■ YOUR OBJECTIVE
Only an exact repetition is needed: the lines from the start of the listing below through the line that contains "siawadeky ミニ ひまわり", pictures omitted.

***** INPUT DATA *****

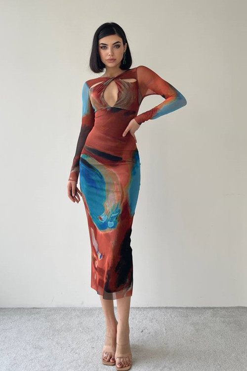 - Batik desenli tül kumaştan üretilmiş, göğüs dekoltesiyle dikkat çeken tasarım midi elbise..
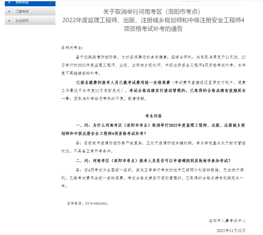 11月22日9時洛陽人事考試網發布了《關于取消舉行河南考區(洛陽市考點) 2022年度監理工程師、出版、注冊城鄉規劃師和 中級注冊安全工程師4項資格考試補考的通告》,取消舉行河南考區(洛陽市考點) 2022年度監理工程師、出版、注冊城鄉規劃師和 中級注冊安全工程師4項資格考試補考,本年度不再安排補考且無法調劑到其他地區考試,12月底完成統一退費。
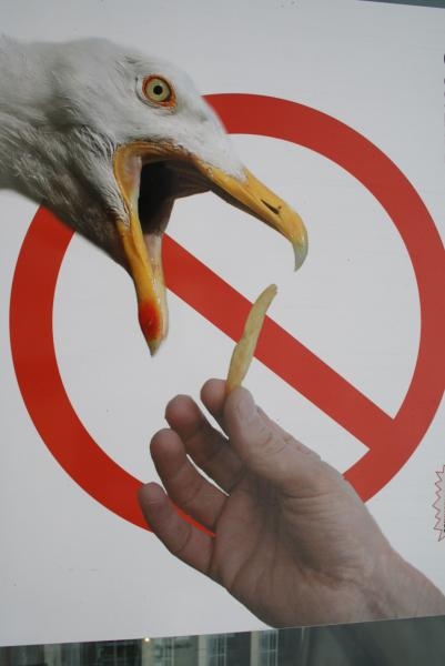 Wél aanval van boorden met vermelding van het verbod meeuwen te voederen,anders,250 euro armer voor de badgast....(2 bovenste beelden)
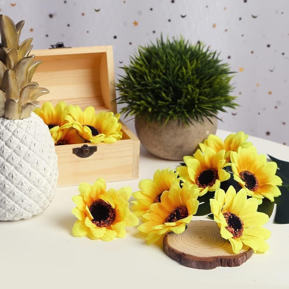 siawadeky ミニ ひまわり 造花 100個セット 直径7cm ヒマワリ ヘッド 枯れない花 シルクフラワー DIY花材 インテリア造花 ホーム テーブル 花飾り 造花アート 結婚式 パーティー デコレーション 写真小道具
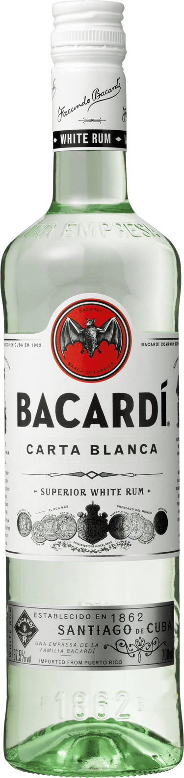 Tør og let underspillet; Bacardi Carta Blanca er den perfekte rom, når der skal mixes lækre cocktails. Den har tydelige noter af vanilje, samt et frugtigt præg af abrikos, lime, kokosnød og banan. Oveni dette finder man også et vist element af mandler og let blomstrede toner af lavendel, roser og appelsinblomster. Den distinkte blødhed formes gennem et hemmeligt blend af kul samt lagring på egetræsfade.
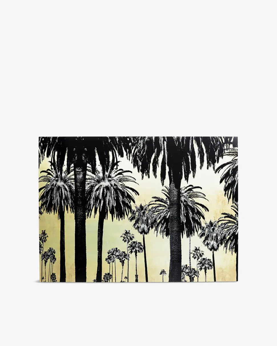 Er du på udkig efter lidt anderledes vægkunst, så tjek lige dette glasbillede med palmer og gul himmel mellem palmerne.
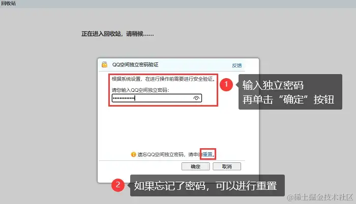 进入 【回收站】 之前,需要我们输入 【独立密码】 ,如果你不记得,可以进行 【重置】 。
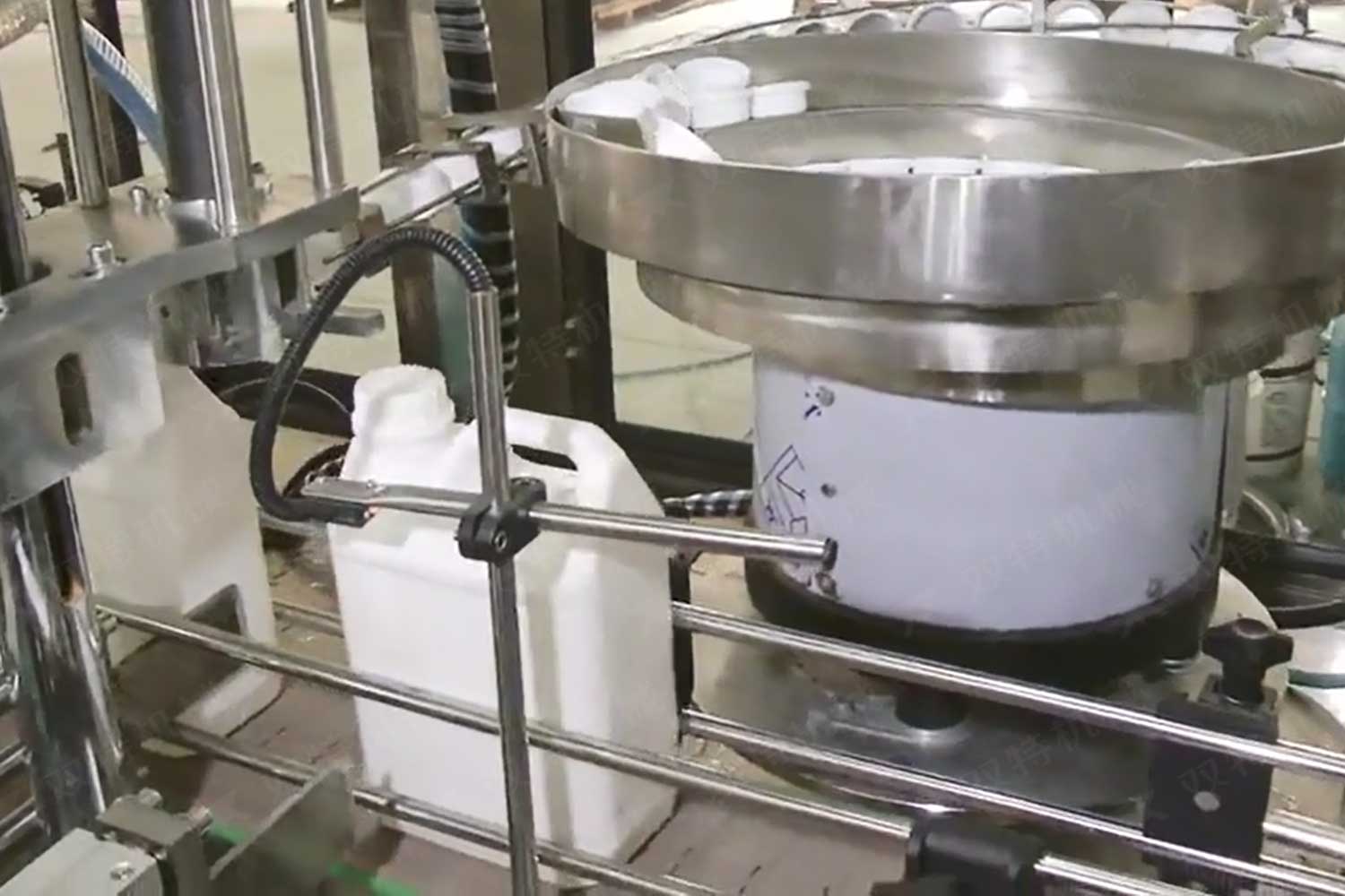 旋蓋機(jī)主要用于玻璃廣口瓶的三、四、六鐵蓋真空旋蓋,用兩根不同速度的皮帶壓瓶蓋,因兩根皮帶的速度不同,對(duì)蓋進(jìn)行搓蓋收緊達(dá)到旋蓋目的。在自動(dòng)上蓋之前對(duì)瓶口吹蒸汽加熱,吹掉冷空氣,換上高溫蒸汽,立即旋蓋,根據(jù)熱脹冷縮原理,蒸汽冷下來就自然形成了瓶?jī)?nèi)真空,達(dá)到了真空旋蓋的目的。自動(dòng)旋蓋機(jī)可以和濃醬灌裝機(jī)、蜂蜜灌裝機(jī)、辣椒醬灌裝機(jī)組合在一起,形成一套全自動(dòng)灌裝設(shè)備,是現(xiàn)代調(diào)味品企業(yè)的得力幫手。
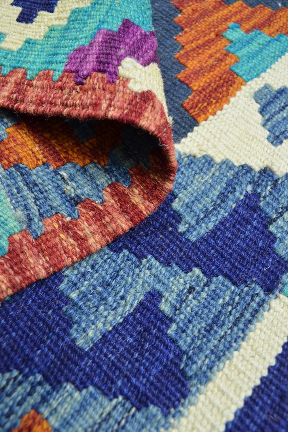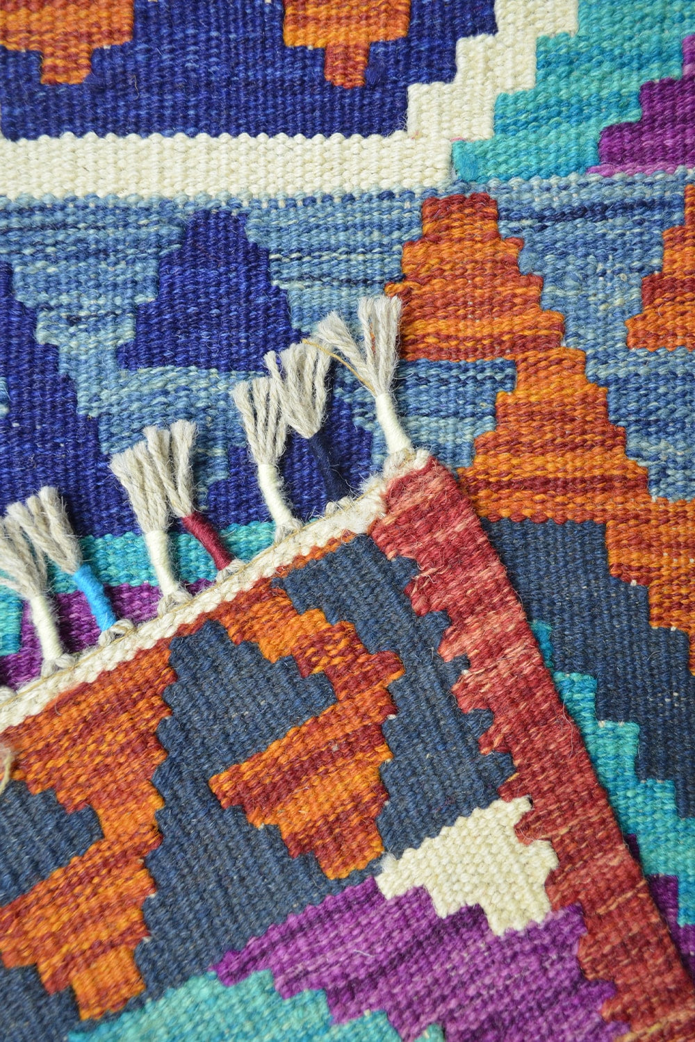 Afgan kilimleri, düz dokuma teknikleri ve geometrik desenleriyle bilinir. Renklerin cesur kullanımı, hem otantik hem de modern dekorasyonlarda dikkat çekici bir vurgu yaratır. El işçiliğinin doğal izlerini taşıyan bu kilim, her ilmeğinde ustalarının emeğini yansıtır.
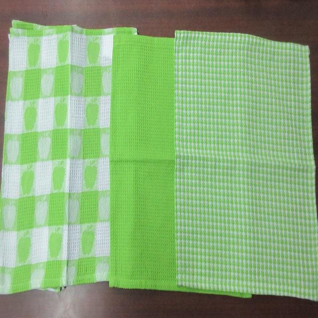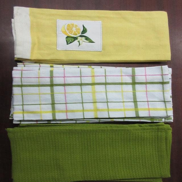 100% ผ้าฝ้ายอินทรีย์ GOTS ใบรับรองแห้งเร็วขนาดที่กำหนดเองมะนาวสีเหลืองสีเขียวสีขาวตรวจสอบชุด3ผ้าขนหนูครัวสำหรับบ้าน
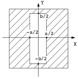 Pour une ouverture rectangulaire de largeur a et de hauteur b, en prenant l'origine O au centre de symétrie, l'intégrale se simplifie et devient calculable:
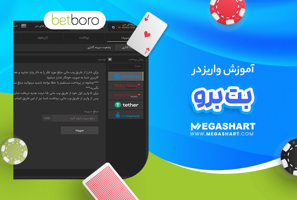 این پست درباره آموزش واریز در بت برو BetBoro است. سایت شرط بندی بت برو یکی از بهترین گزینه برای شرط بندی است که در این پست همانند جت بت توضیح می دهیم که چگونه حساب کاربری خود را شارژ کنید تا دچار سردرگمی نشوید. با ادامه این پست با سایت مگاشرط همراه باشید.
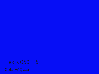 Hex #060ef6 Color is a normal blue color and the nearest color is Blue #0000ff. Hex code #060ef6 and RGB value is rgb(6,14,246). In RGB color space, this color is composed of 2% red, 5% green, 96% blue, In CMYK color space, this color is composed of 98% cyan, 94% magenta, 0% yellow , 4% black , In HSL color space, this color has a hue angle of 238° , 95% saturation and 49% lightness.
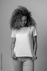 Young Woman In Plain White T-Shirt And Jeans Posing On Gray Background
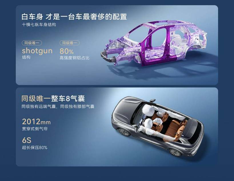 智能座艙方面,新車搭載電感智慧座艙,全系標配車規級8155芯片,虎款配備15.6英寸2.5k高清電影屏,豹款配備13.2英寸智能導航屏,2s車機啟動,30s可識別20+指令。AI語言大模型支持四音區交互,8揚聲器音響系統媲美五十萬級豪車,全品牌手機互聯映射與50W無線充電功能,實現“燃油車的身份證,新能源的體驗感”。ENC主動降噪、雙層夾膠靜音玻璃等63處聲學包裹設計,打造靜謐座艙環境。
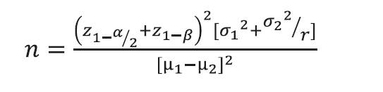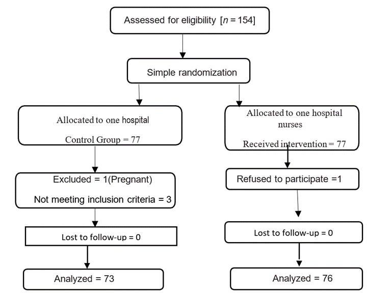 To prevent education bias and its effect on the control group, nurses from one hospital were assigned to the intervention group and those from the other hospital to the control group. Therefore, one hospital was randomly selected for the intervention and the other for the control. The randomization was performed using a coin flip, resulting in one hospital being selected as the intervention group and another as the control group. The sample size in each group was estimated at 61 with an attrition rate of 20% [n=13], an estimated error of α=0.05 and β=0.2. It was estimated at 74 using the following formula. Therefore, a total number of 148 was finally set.
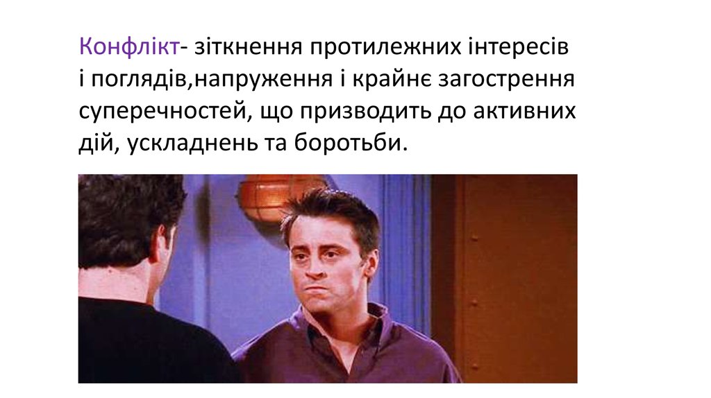 Конфлікт- зіткнення протилежних інтересіві поглядів,напруження і крайнє загострення
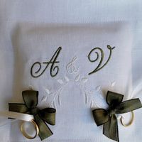 Ciao brides! Che ne pensate di un cuscinetto con le nostre iniziali come portafedi? Con un tocco di verde, per rimanere in tema, sarebbe l'ideale, altrimenti lo vedo troppo spoglio. Voi avete fatto...
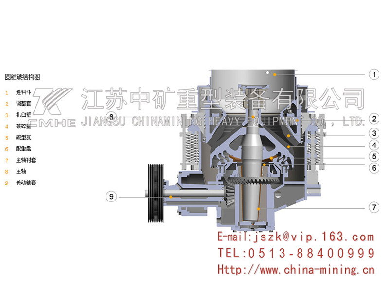 圓錐破碎機(jī)工作時,電動機(jī)的旋轉(zhuǎn)通過皮帶輪或聯(lián)軸器、圓錐破碎機(jī)傳動軸和圓錐破碎機(jī)圓錐部在偏心套的迫動下繞一周固定點作旋擺運(yùn)動。從而使破碎圓錐的破碎壁時而靠近又時而離開固裝在調(diào)整套上的軋臼壁表面,使礦石在破碎腔內(nèi)不斷受到?jīng)_擊,擠壓和彎曲作用而實現(xiàn)礦石的破碎。電動機(jī)通過傘齒輪驅(qū)動偏心套轉(zhuǎn)動,使破碎錐作旋擺運(yùn)動。破碎錐時而靠近又時而離開固定錐,完成破碎和排料。支撐套與架體連接處靠彈簧壓緊,當(dāng)破碎機(jī)內(nèi)落入金屬塊等不可破碎物體時,彈簧即產(chǎn)生壓縮變形,排出異物,實現(xiàn)保險,防止機(jī)器損壞。圓錐式破碎機(jī)在不可破異物通過破碎腔或因某種原因機(jī)器超載時,圓錐式破碎機(jī)彈簧保險系統(tǒng)實現(xiàn)保險,圓錐式破碎機(jī)排礦口增大。異物從圓錐破碎機(jī)破碎腔排出,如異物卡在排礦石可使用清腔系統(tǒng),使排礦繼續(xù)增大,使異物排出圓錐破碎機(jī)破碎腔。圓錐破碎機(jī)在彈簧的作用下,排礦口自動復(fù)位,圓錐式破碎機(jī)機(jī)器恢復(fù)正常工作。破碎腔表面鋪有耐磨高錳鋼襯板。排礦口大小采用液壓或手動進(jìn)行調(diào)整。

*****

■ WRITTEN REPLY
 - Batik desenli tül kumaştan üretilmiş, göğüs dekoltesiyle dikkat çeken tasarım midi elbise..
 11月22日9時洛陽人事考試網發布了《關于取消舉行河南考區(洛陽市考點) 2022年度監理工程師、出版、注冊城鄉規劃師和 中級注冊安全工程師4項資格考試補考的通告》,取消舉行河南考區(洛陽市考點) 2022年度監理工程師、出版、注冊城鄉規劃師和 中級注冊安全工程師4項資格考試補考,本年度不再安排補考且無法調劑到其他地區考試,12月底完成統一退費。
 Wél aanval van boorden met vermelding van het verbod meeuwen te voederen,anders,250 euro armer voor de badgast....(2 bovenste beelden)
 siawadeky ミニ ひまわり 造花 100個セット 直径7cm ヒマワリ ヘッド 枯れない花 シルクフラワー DIY花材 インテリア造花 ホーム テーブル 花飾り 造花アート 結婚式 パーティー デコレーション 写真小道具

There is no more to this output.